Paid tier (pay-as-you-go) gets 10x the rate limits plus batch processing at 50% off.
Open source
N/A – Groq doesn’t make models. They host open-source models (Llama, Qwen, GPT-OSS) on custom LPU hardware.
Links
Mobile SDK summary
| Provider | Official iOS SDK | Official Android SDK | Notes |
|---|---|---|---|
| Google Gemini | Yes (Firebase AI Logic, Swift) | Yes (Firebase AI Logic, Kotlin) | Also Flutter, React Native, Unity |
| OpenAI | No | No | Community: MacPaw/OpenAI (Swift) |
| Anthropic | No | No | Community: SwiftAnthropic |
| xAI | No | No | OpenAI-compatible API (any client works) |
| DeepSeek | No | No | OpenAI-compatible API |
| Mistral | No | No | Python/JS SDKs only |
| Meta Llama | No | No | On-device via llama.cpp, MLX, ONNX |
| Alibaba Qwen | No | No | On-device via MLX, Ollama, llama.cpp |
| Amazon Nova | Partial (Amplify AI Kit) | Partial (Amplify AI Kit) | React Native + Android. No native Swift SDK |
| Microsoft Phi | No | No | ONNX Runtime Mobile (iOS CoreML, Android NNAPI) |
| Perplexity | No | No | Python/TS SDKs, MCP server |
| Groq | No | No | OpenAI-compatible API |
Google is the only provider with first-party mobile SDKs. Amazon has partial coverage via Amplify. Everyone else: use REST directly, community packages, or on-device inference (MLX, ONNX, llama.cpp).
Bottom line
Best free chat: DeepSeek (unlimited, no sub), Qwen (full-featured, also free), or Gemini (50 daily credits). All genuinely useful without paying.
Best ~$20 subscription: Claude Pro for coding depth.
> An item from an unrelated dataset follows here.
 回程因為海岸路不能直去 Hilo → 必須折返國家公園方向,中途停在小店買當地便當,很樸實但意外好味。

ChatGPT Plus for broadest features (image, video, voice, agents). Gemini AI Pro for Workspace integration. Perplexity Pro for search + access to third-party models. Le Chat Pro is cheapest at $15 with no-telemetry.
Best free API: Gemini. No credit card, generous limits. Groq for fastest open-model inference. Qwen for 1M free tokens per model.
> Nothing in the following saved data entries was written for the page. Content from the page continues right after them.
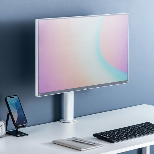 クランプ式で簡単に設置できるモニターアーム。従来のモニタースタンドに比べて、デスク上のスペースを大幅に節約できます。キーボードや書類を置くスペースを確保し、作業効率を向上させることができます。
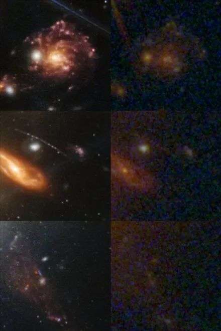 上图细节(左排)与哈勃望远镜拍摄同一天区(右排)的对比 | NASA/ESA/CSA/STScI/c_victor_astro
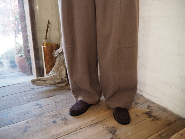 ヒップから裾にかけて丸みを出した、スリムな足首とゆとりのあるひざまわりが、リラックス感とスタイリッシュさを完璧に組み合わせているシルエット。
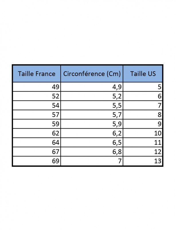 Veillez à bien choisir votre taille de bague en vous aidant du tableau.
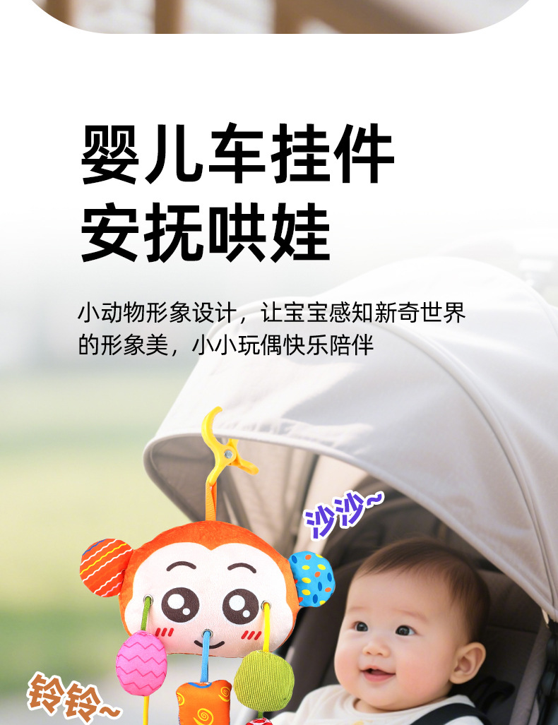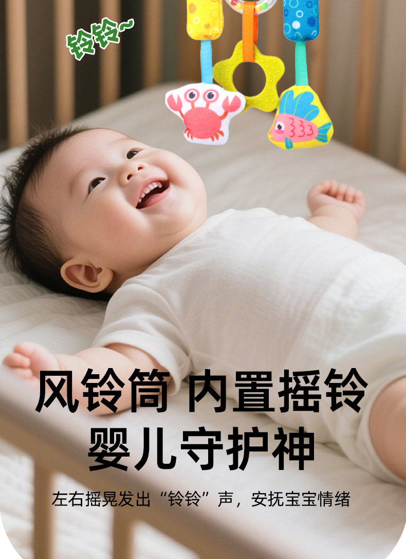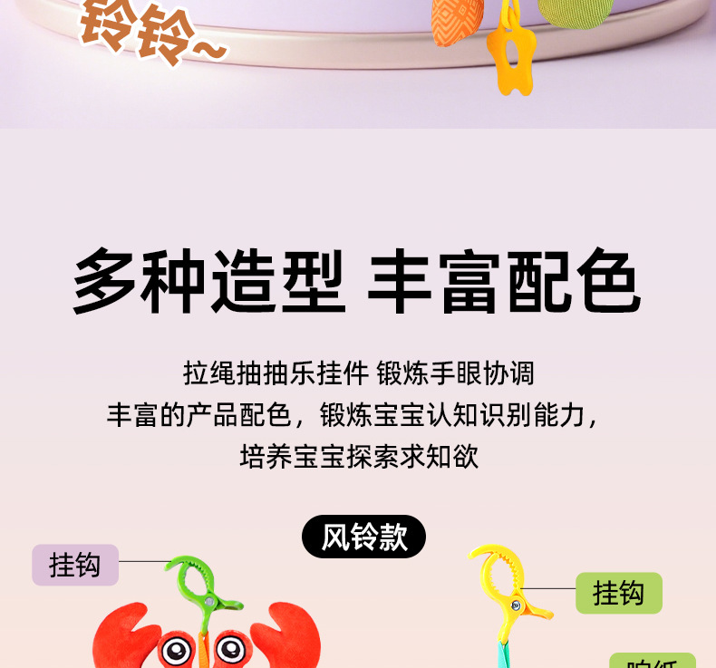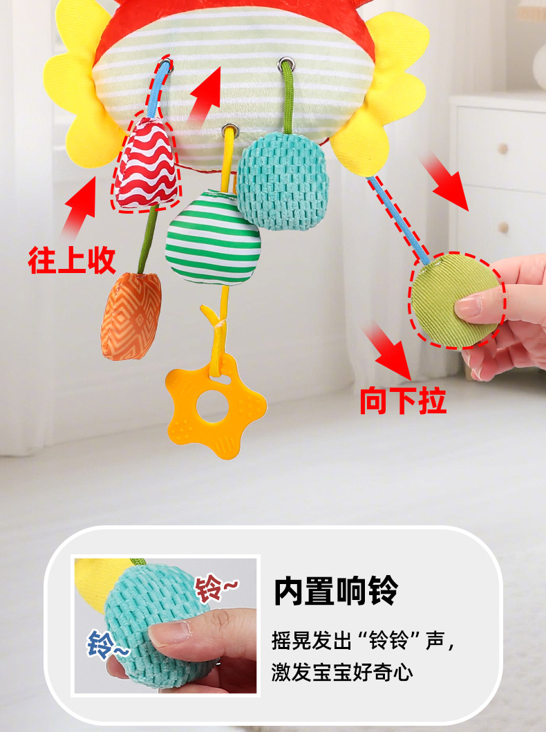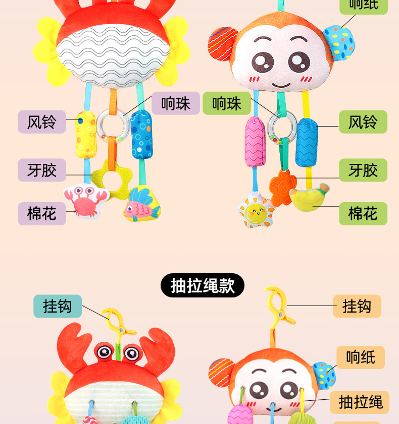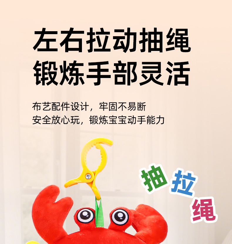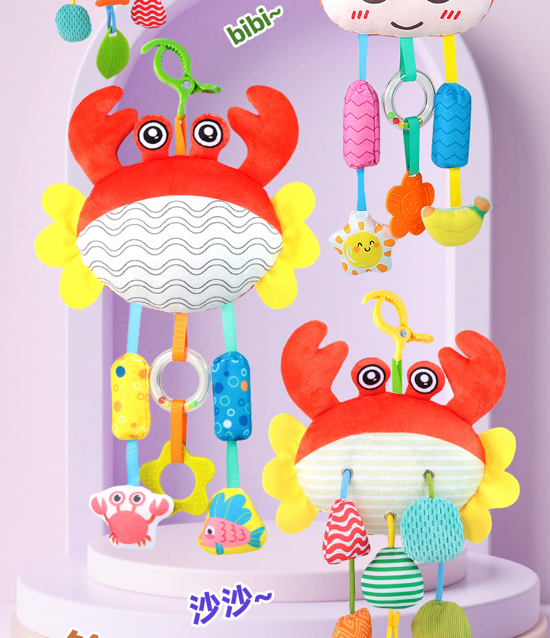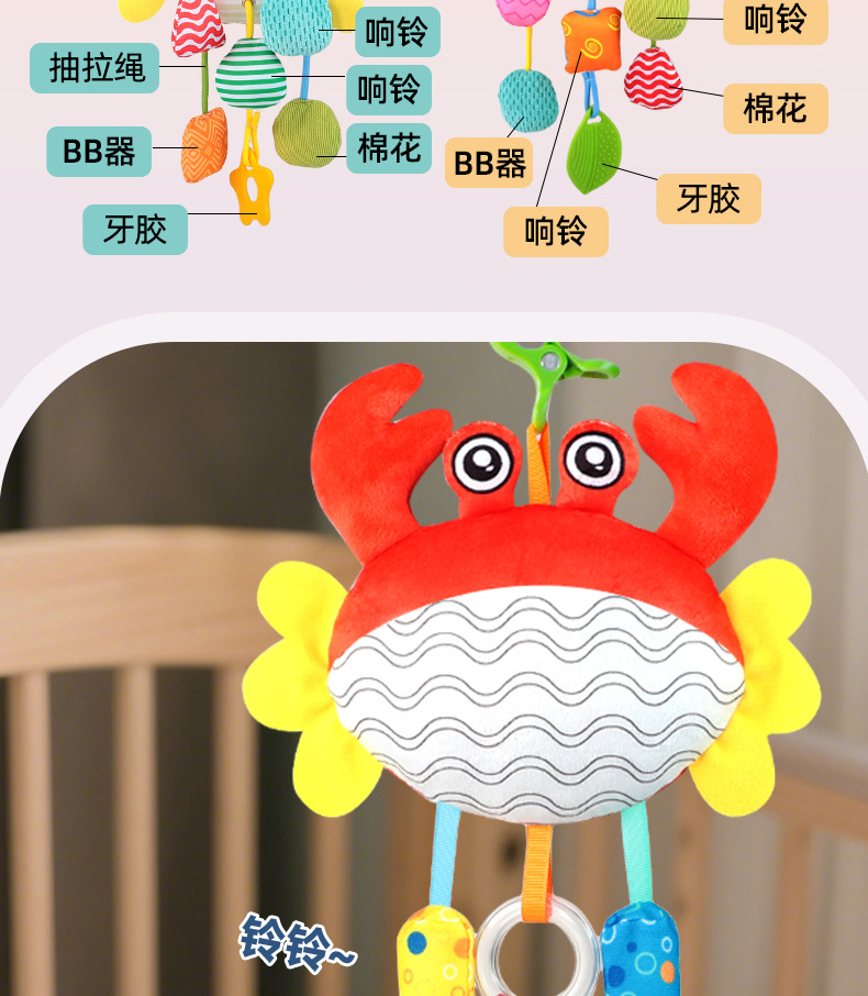 跨境螃蟹拉绳抽抽乐床铃手推车婴儿车摇铃挂件新生儿玩具安抚宝宝

Best budget API: DeepSeek at $0.28/M input (or $0.028 cached). Mistral Nemo at $0.02/M for ultra-cheap. Amazon Nova Micro at $0.035/M for AWS users.
Best coding agent: Claude Code (Pro $20/mo) or Codex (Plus $20/mo) for first-party. Cursor ($20/mo) or Cline (free, BYOM) for third-party. Amazon Q Developer free tier (50 agentic requests/mo) if you’re on AWS.
Best open-source models: Llama 4 Scout (10M context), Qwen3.5 (Apache 2.0, up to 397B), DeepSeek V3.2 (MIT), Phi-4 (MIT, best small models).
Best mobile SDK: Gemini via Firebase AI Logic – only first-party option for iOS/Android/Flutter.
Highest capability: Claude Opus 4.6, GPT-5.4, and Gemini 3.1 Pro are the three frontier models. Pick based on your use case and budget.
Subscriptions and APIs are separate worlds. Pick your subscription for daily use, pick your API for building things. Or just use Gemini/Qwen’s free tier for both.